Ask a generality, why do men support more feminism for their daughters than for their wives?

I think probably, yeah. I find it a bit sad that my husband probably couldn’t wear dresses to play princesses if he wanted, or adore animals in a gentle way, or play with babies, or was told not to cry, or to be a man if he needed support. But I love him as he is. It’s quite abstract for me to understand how that affects boys, I don’t know how different he would be if the world was different, I’m not a man, it’s hard to judge how difficult those things would be, how they feel growing up - like all kids I was wrapped up in my own experiences and didn’t have the maturity to see into the depths of my peers struggles. It’s hard to be active in changing something that happened in the past when you’re just trying to survive in the present, and when your voice is discounted in the discussion because you have the wrong genitals.

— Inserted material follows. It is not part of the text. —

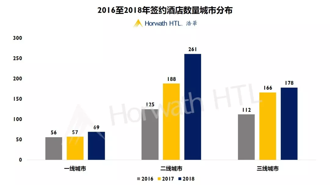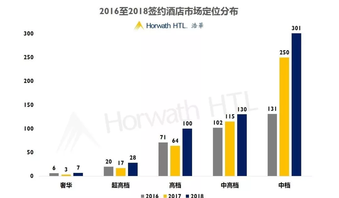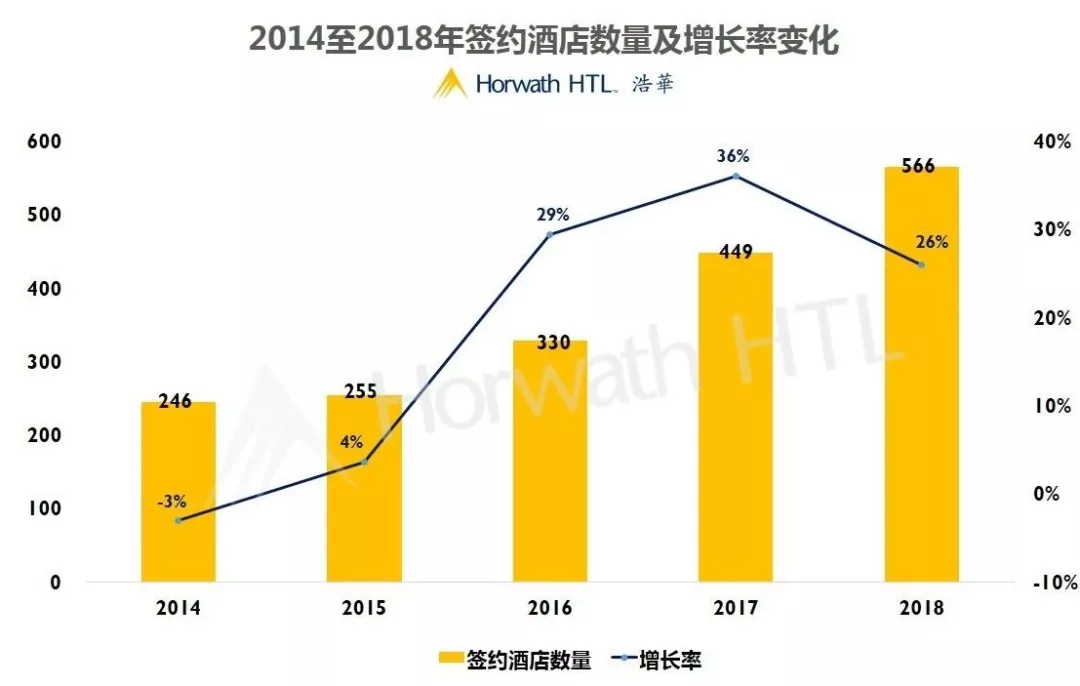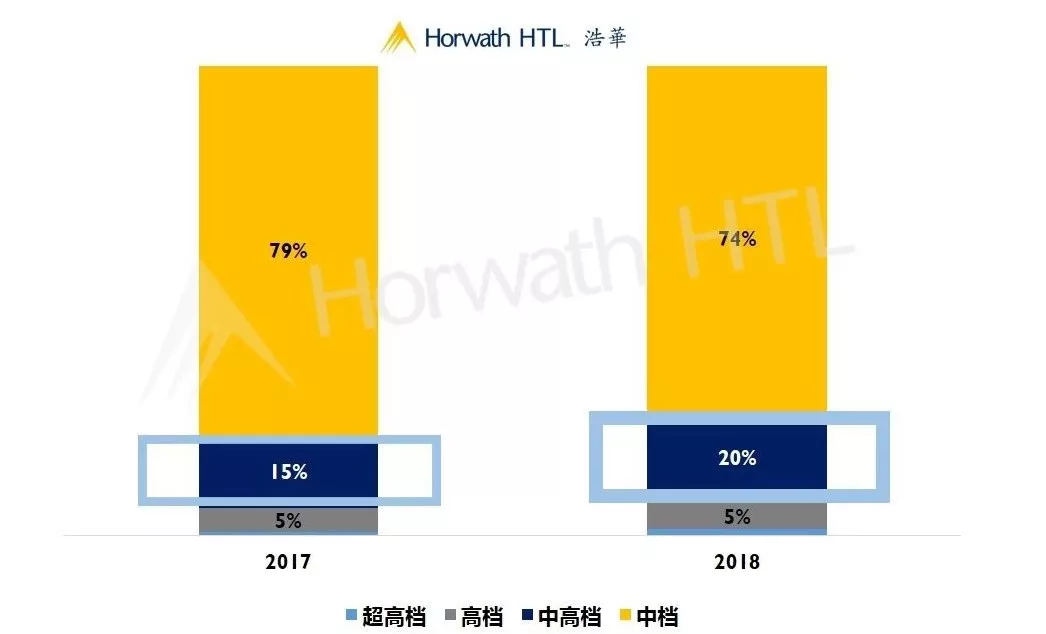中档及中高档酒店层级上,其总签约量为431家,占全年签约量的76%,在体量上依旧是签约主力军。但从增长率的角度看,2018年的增幅为18%,相较2017年的57%有明显放缓。如前文所述,此层级市场群雄逐鹿的剧烈竞争态势使得国际品牌的快速增势不再;国内品牌快速迭代、灵活机变的打法重塑了这一市场的竞争格局。

But when you have a kid, they are your world. You aren’t trying to survive anymore, you are trying to get them to survive. You see this innocent child, free of any societal pressure, just being themselves, and you watch the world mould them, change them, sometimes in ways that aren’t fair or aren’t right. And it’s your kid. And it makes you angry. And suddenly you have a voice that counts, because you must speak for them. Suddenly the opposite genders struggle is your struggle too. You’re invested, involved, it directly affects you, and you now have the power and drive to do something about it. It’s the difference between hearing a sad story and being directly involved - one is much more traumatic and one you work harder to fix than the other.

Tldr; people are a little bit lazy but essentially good and don’t really have the drive or power necessary to try effect a hard social change until it actually happens to them.